In August 2012, he voted to support House measures that would simplify the federal tax code and extend tax cuts from 2001 and 2003 by another year.
In July 2012, Petri voted in support of a bill that would ban abortions in Washington, D.C., beyond the 20th week of pregnancy. The bill ultimately failed for lack of a two-thirds majority vote.
In June 2012, he voted in support of a measure that extended the 3.4 percent interest rate on federal student loans and reauthorized federal highway programs through 2014. President Barack Obama signed the bill into law in July 2012. Petri said he voted for the measure because it will continue the formula for distributing federal highway aid to Wisconsin and enable transit reforms in Green Bay.
In 2011 Petri, along with Michigan Reps. Dan Benishek and Bill Huizenga, worked to amend a maritime transportation bill to prohibit the U.S. Environmental Protection Agency from toughening regulations on ships on the National Historic Landmark list. The move was intended to allow the S.S. Badger, a ferry that hauls passengers and vehicles across Lake Michigan between Ludington, Mich., and Manitowoc, Wis., to continue dumping waste ash into the lake after an exemption expires in December 2012. The bill passed the House but has languished in the Senate.
Petri introduced a bill in November 2010, along with fellow Wisconsin Republican Reps. Jim Sensenbrenner and Paul Ryan, which would allow states to return federal funds earmarked for high-speed rail projects. They introduced the bill after newly elected Wisconsin Gov. Scott Walker, a Republican, said he didn't want $810 million in federal money slotted for a high-speed rail line between Madison and Milwaukee.
Petri sided with his fellow Republicans voting against the 2010 health care reform bill. He said the measure would cost too much and concentrate too much power in the hands of the federal government.
In July 2010, at the height of the BP oil spill disaster in the Gulf of Mexico, he voted for a bill that would grant whistleblower protections to workers in the offshore oil and gas industries. That same month he voted against a measure that would restructure the Minerals Management Service, implement new regulations on offshore oil and gas development and lift the liability cap in case of spills, among other provisions. He said some of the new regulations would inhibit domestic energy production.
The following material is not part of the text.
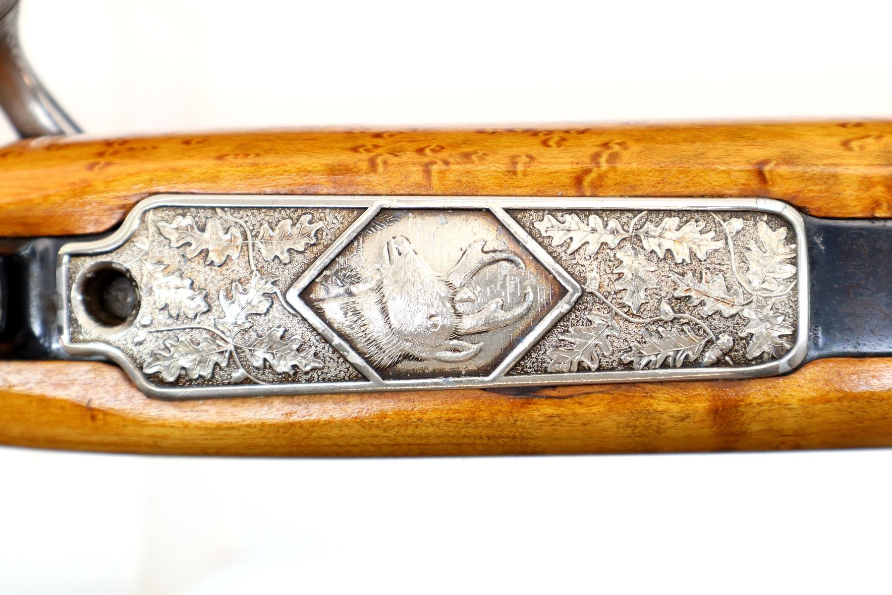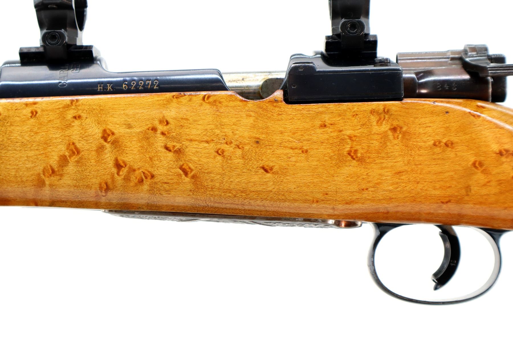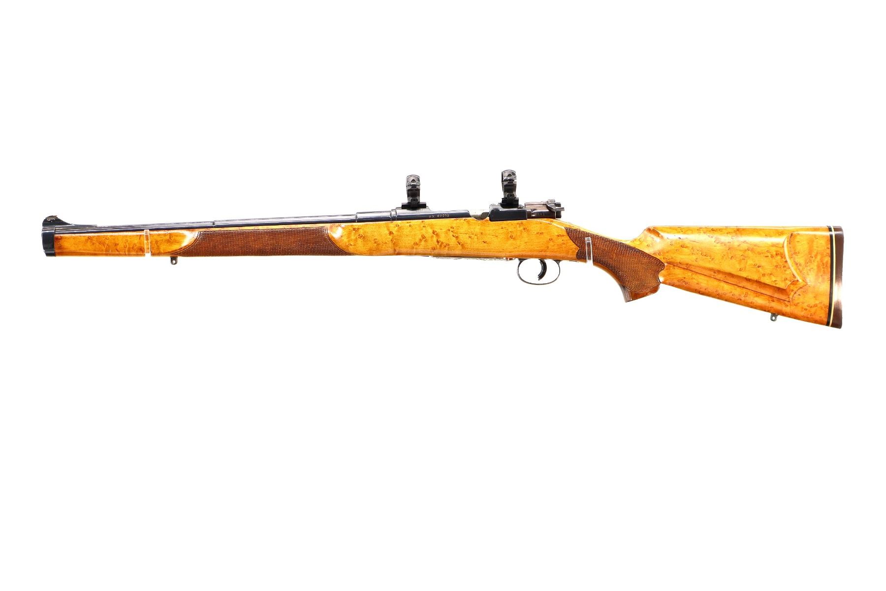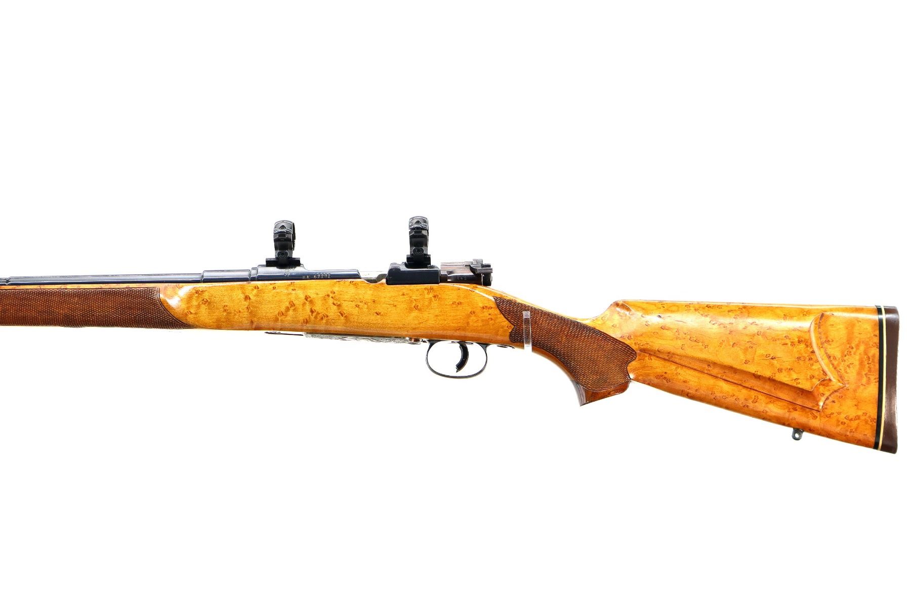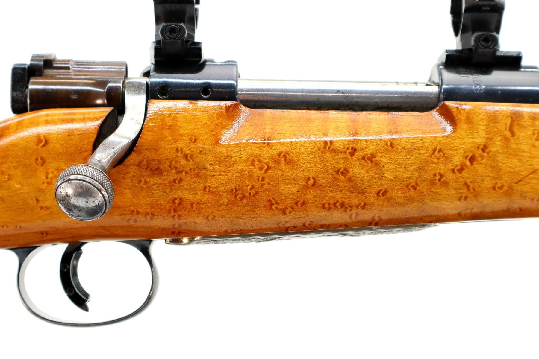 Main Description: Manufactured By Carl Gustafs. Blade front sight with ramp, no rear sight, metal has been polished and reblued, receiver drilled and tapped with 1" millet rings installed, low scope safety and bolt handle with checkered knob. One piece full length Birds Eye maple stock, checkered forearm and pistol grip, small cracks behind upper tang, cheek rest, brown rubber recoil pad, wood grip cap, engraved floor plate, swivel studs, steel nose cap.

He also voted that month in support of a measure to extend unemployment benefits.
Amid foreclosure concerns across the nation in 2009, Petri opposed a bill in March that would authorize bankruptcy judges to reconfigure mortgage loans. He said he worried the move would lead to higher interest rates for responsible homeowners, and would make bankruptcy more attractive than other viable options.
He voted against a $14 billion rescue package for the nation's auto industry in December 2008. He voted against the 2009 approximately $800 billion economic stimulus package, saying it contained too much irrelevant spending.
Petri has repeatedly supported efforts to protect the Great Lakes. He co-sponsored a number of 2008 measures, including one bill to fund efforts to clean up the lakes and another to give adjoining states more power to regulate use of the fresh water. Both measures became law.
He often voted with Democrats on measures to limit troop and spending escalations in the Iraq war. He suggested in February 2007 that Iraq be partitioned by religious community, "to form a loose federation where the Shias, the Sunnis and the Kurds can each govern themselves while leaving the others alone."
Petri has long championed the Earned Income Tax Credit, which provides a tax credit to low-income people who work.
Petri opposes abortion and favors the death penalty. He also opposes a proposed constitutional amendment to ban gay marriage, saying constitutional amendments should be reserved for only "the most serious problems.